I gladly accepted the invitation to partake of the first glass of liquor I had tasted in three years. It was something, too, everything to be addressed thus kindly. I told this worthy landlord my whole story; how I had been trapped by the two milliners, and how I had subsequently suffered. He had read something about it in the papers; he felt as if he knew me; he certainly was sorry for me; and he proved his sympathy by giving me what then seemed to me the best supper I had ever eaten, a good bed, a good breakfast, a package of provisions to carry with me, and then sent me on my way with a comparatively light heart.

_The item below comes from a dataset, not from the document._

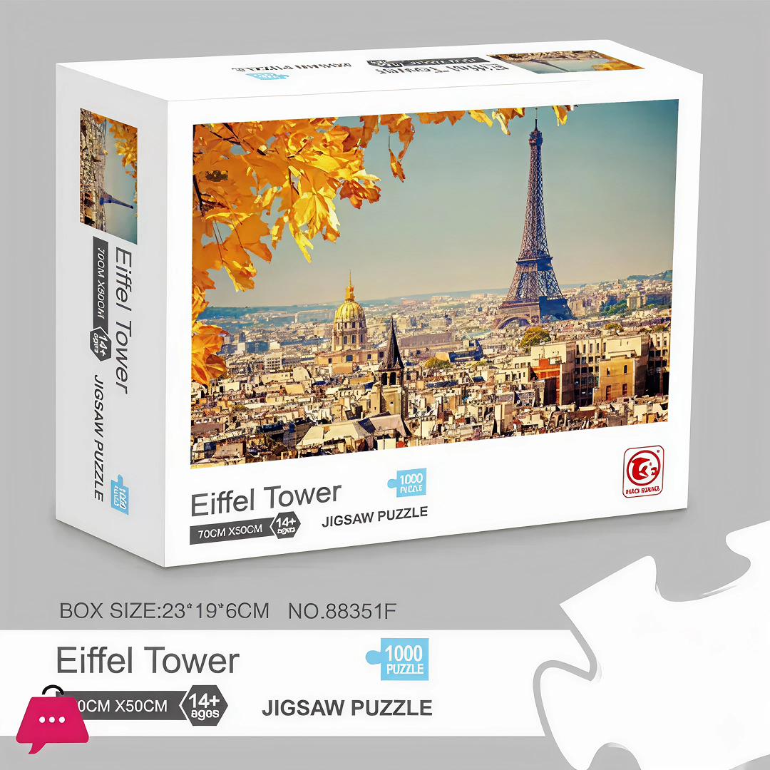 Challenge your mind with this stunning 1000-piece Eiffel Tower puzzle. Perfect for puzzle lovers, it captures the beauty of Paris in intricate detail.
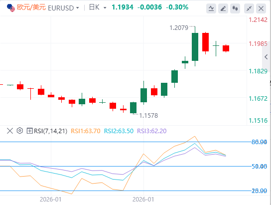 技术面:黄金价格仍偏上上涨,但如果未能收盘于1月28日日单线高点5415美元,似乎将开始盘整。看涨势头已减弱,相对强弱指数(RSI)显示。RSI从极端超买区间回落,但当其目标接近70阈值时,表明买卖双方都不再掌控局面。如果黄金保持在5300美元以上,可能会在5300至5400美元区间横盘交易。若突破区间上限,将暴露5500美元及最高价5598美元。相反,如果黄金跌破5300美元,可能会加剧跌向5200美元及以下的趋势。

It rained, snowed, and drizzled all day long. I tramped through the wet snow ankle deep, but made nearly forty miles before night, and then came to a public house which I knew well. When I was in the bar-room drying myself and warming my wet and half-frozen feet, I could not but think how, only a few years before, I had put up at that very house, with a fine horse and buggy of my own in the stable, and plenty of money in my pocket. The landlord’s face was familiar enough, but he did not know me, nor, under my changed circumstances, did I desire that he should. Supper, lodging, and breakfast nearly exhausted my small money capital; I was worn and weary, too, and the next day was able to walk but twenty miles, all told. On the way, at noon I went into a farm house to warm myself. The woman had just baked a short-cake which stood on the hearth, toward which I must have cast longing eyes, for the farmer said:
“Have you had your dinner, man?”
“No, and I have no money to buy any.”
“Well, you don’t need money here. Wife, put that short-cake and some butter on the table; now, my man, fall to and eat as much as you like.”
I was very hungry, and I declare I ate the whole of that short-cake. I told these people that I had been in better circumstances, and that I was not always the poor, ragged, hungry wretch I appeared then. They made we welcome to what I had eaten and when I went away filled my pockets with food. At night I was about thirty miles above Concord. I had no money, but trusting to luck, I got on the cars -the conductor came, and when he found I had no ticket, he said he must put me off. It was a bitter night and I told him I should be sure to freeze to death. A gentleman who heard the conversation at once paid my fare, for which I expressed my grateful thanks, and I went to Concord.